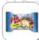
POPKER COCONUT 60G
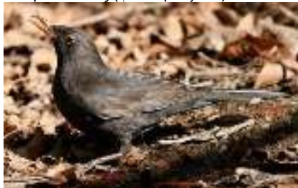
Eurasian Blackbird, Troodos, 21 st December.
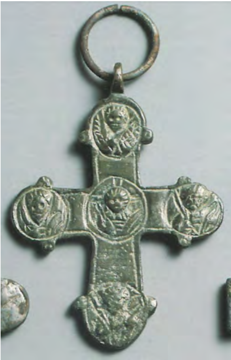
Figure 6. Enkolpion, front, 11th-12th century. Bronze. Archaeological Museum, Komotini, Greece.
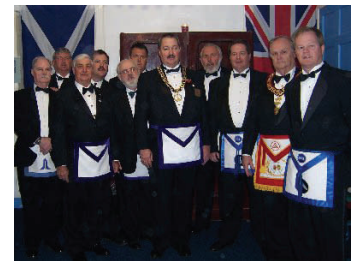
S.C. Brothers in Scotland
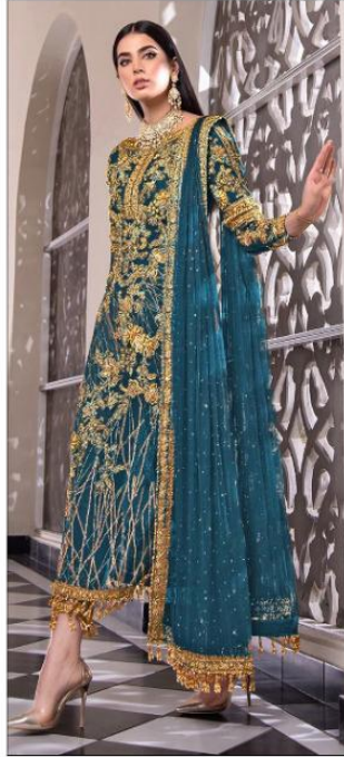
S- 64 B
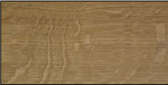
NORTHERN WHITE OAK

* Thickness available special order only.
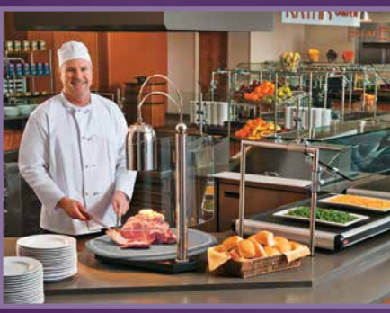
DCSB400-R24-1 with optional Gray Granite Simulated Stone base and standard Bright Nickel post and shade. Shown with GR2S-36 pg. 2
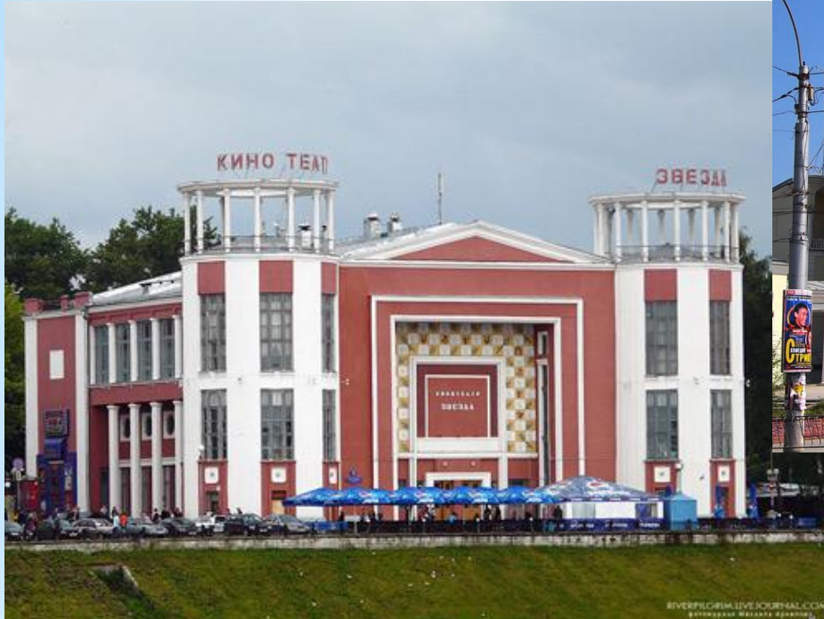
“Zvezda” cinema in Tver’
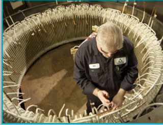
PowerSeal™ VPI Rewind
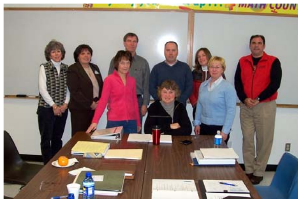
Mid-State North 2006 SDP Team

All the SDP teams are off and running. Weekly meetings, issue analyses, topic sessions, and superintendent interviews are helping them explore this important leadership role. On July 12 th and 13 th all the associates and faculty will again convene in Liverpool for the mid-program session. A busy agenda is being planned as we write!
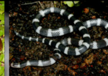
Vermicella intermedia Northern Bandy Bandy
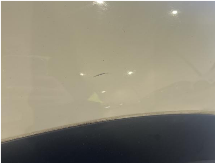
15: Bonnet Scratched UpTo 25mm Thru Paint
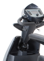
Mecha lock tiller
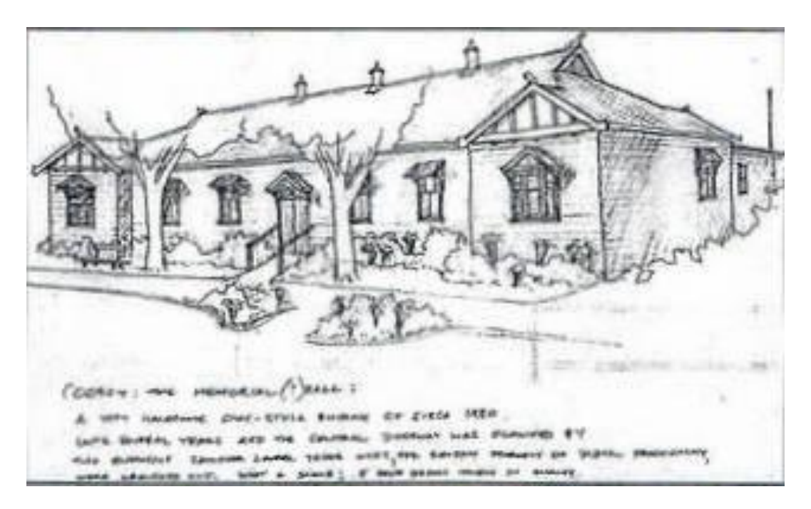
This drawing courtesy of Sunshine Coast Regional Council
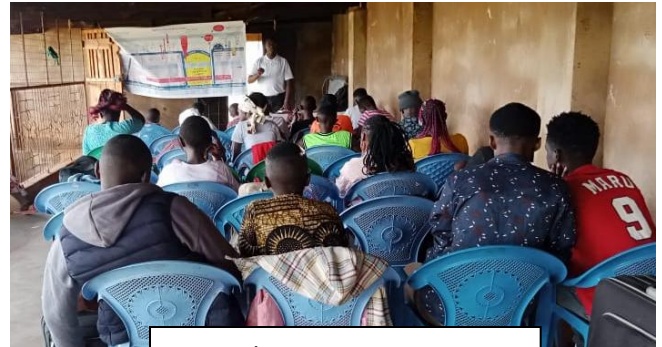
Youth Ministry Itugururu
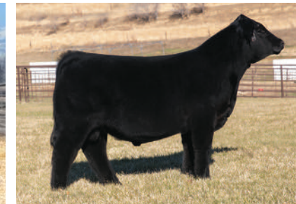
KLS SULL CHARMER ET
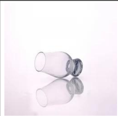
stemware beer glass
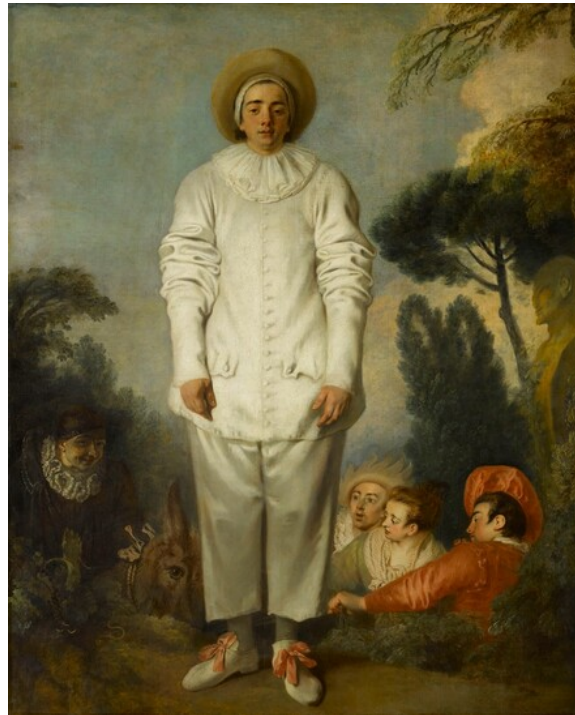
fig. 2 Jean-Antoine Watteau, Pierrot, formerly known as Gilles , c. 1718–1719, oil on canvas, Musée du Louvre, Paris.
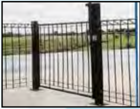
Anchor Pool or Vista Gate
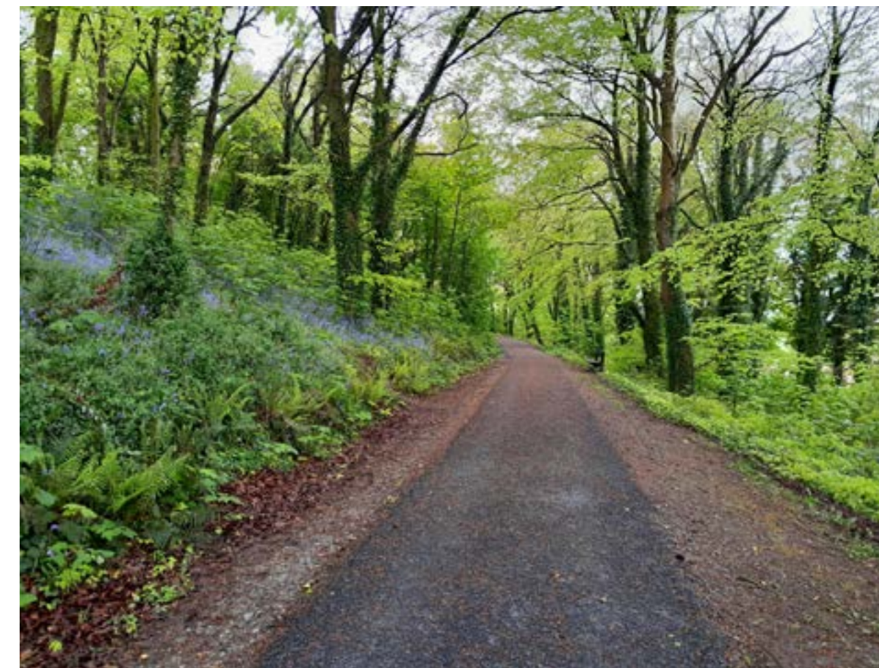
Newly developed walkway around the Deerpark Area

For more tips, visit SunSmart hub and follow #SunSmart on social media.
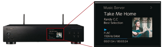
LCD Display with Song Information

* Album artwork may not be available depending on file type
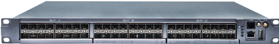
Figure 1. Cisco Nexus 3550-F HPT

Many users rate our CLI (Command Line Interface) as one of the best they have used. Every command available on the CLI is also available via a remote JSON RPC API. This makes the switch easy to operate and to manage at scale. All Cisco Nexus 3550-F platforms and switches include standard enterprise manageability and deploy ability features, including automatic configuration (via DHCP), SNMP, TACACS+ authentication, onboard Python programmability, BASH shell access, and time-series logging.
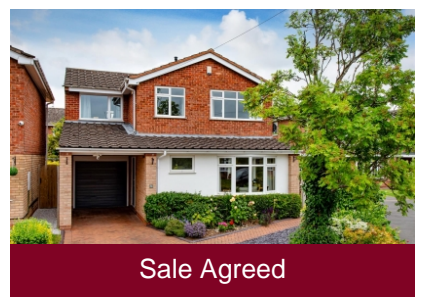
9 Windsor Road, Pattingham
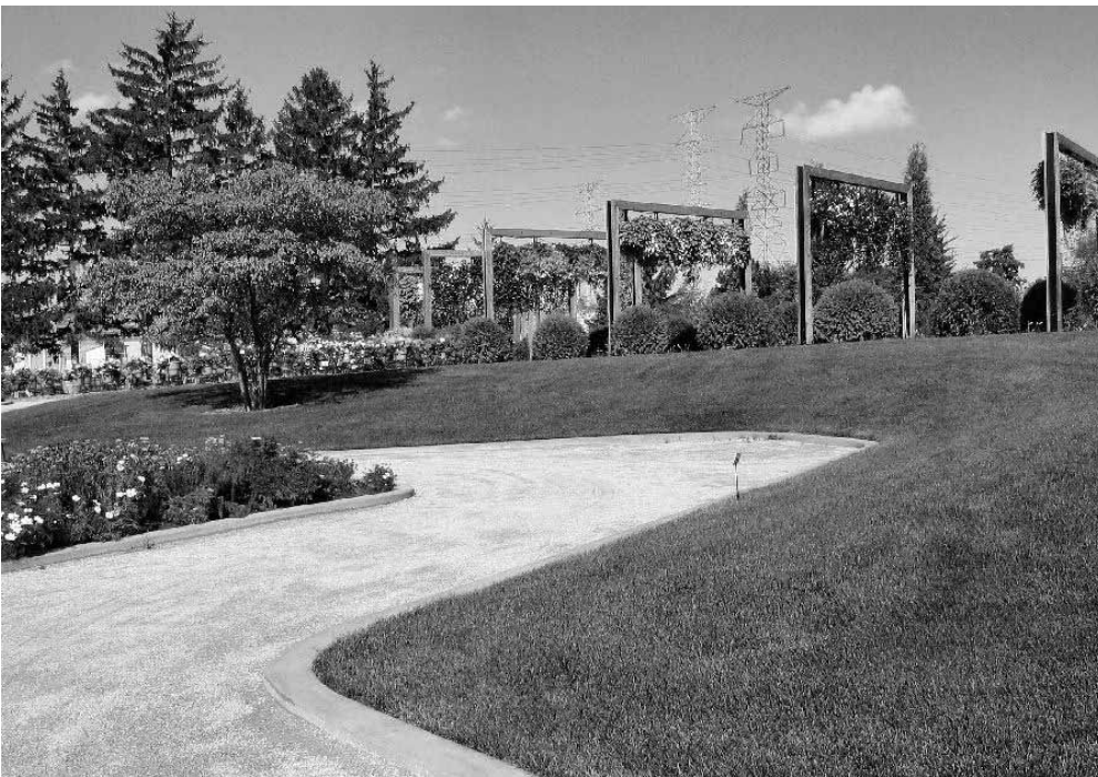
Ball Seed Gardens

Call Sam Childress (630 231-1971) or Lou Horton (630 293-7735) to offer your services or to suggest a garden or porch to be included on the Walk.
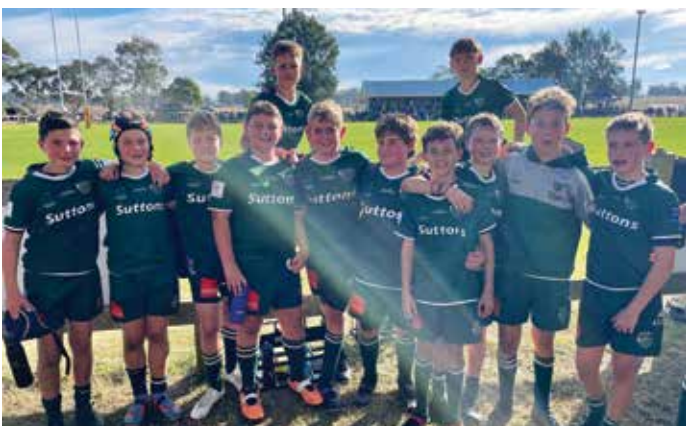
Well done to the Eagles U12s team who represented Randwick in the state championships in Camden in June 2023
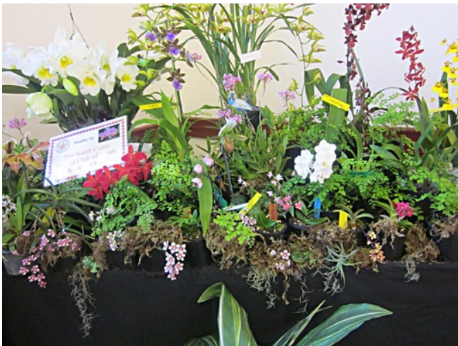
Left: Part of the SCOCSA display at the Bonsai Club Annual Show.

BONSAI CLUB ANNUAL SHOW: The club held a display and trading table at the annual Bonsai Club Show on 18th October at McLaren Vale. It was a lovely day and the people at the Bonsai show seemed to really enjoy our display. Thank you to the Bonsai Club for inviting us to participate.

→ PROBLEM DETAILS
As you read the records above, find each line that contains "available" and copy it.

→ SOLUTION FOR THIS PROBLEM
* Thickness available special order only.
* Album artwork may not be available depending on file type
Many users rate our CLI (Command Line Interface) as one of the best they have used. Every command available on the CLI is also available via a remote JSON RPC API. This makes the switch easy to operate and to manage at scale. All Cisco Nexus 3550-F platforms and switches include standard enterprise manageability and deploy ability features, including automatic configuration (via DHCP), SNMP, TACACS+ authentication, onboard Python programmability, BASH shell access, and time-series logging.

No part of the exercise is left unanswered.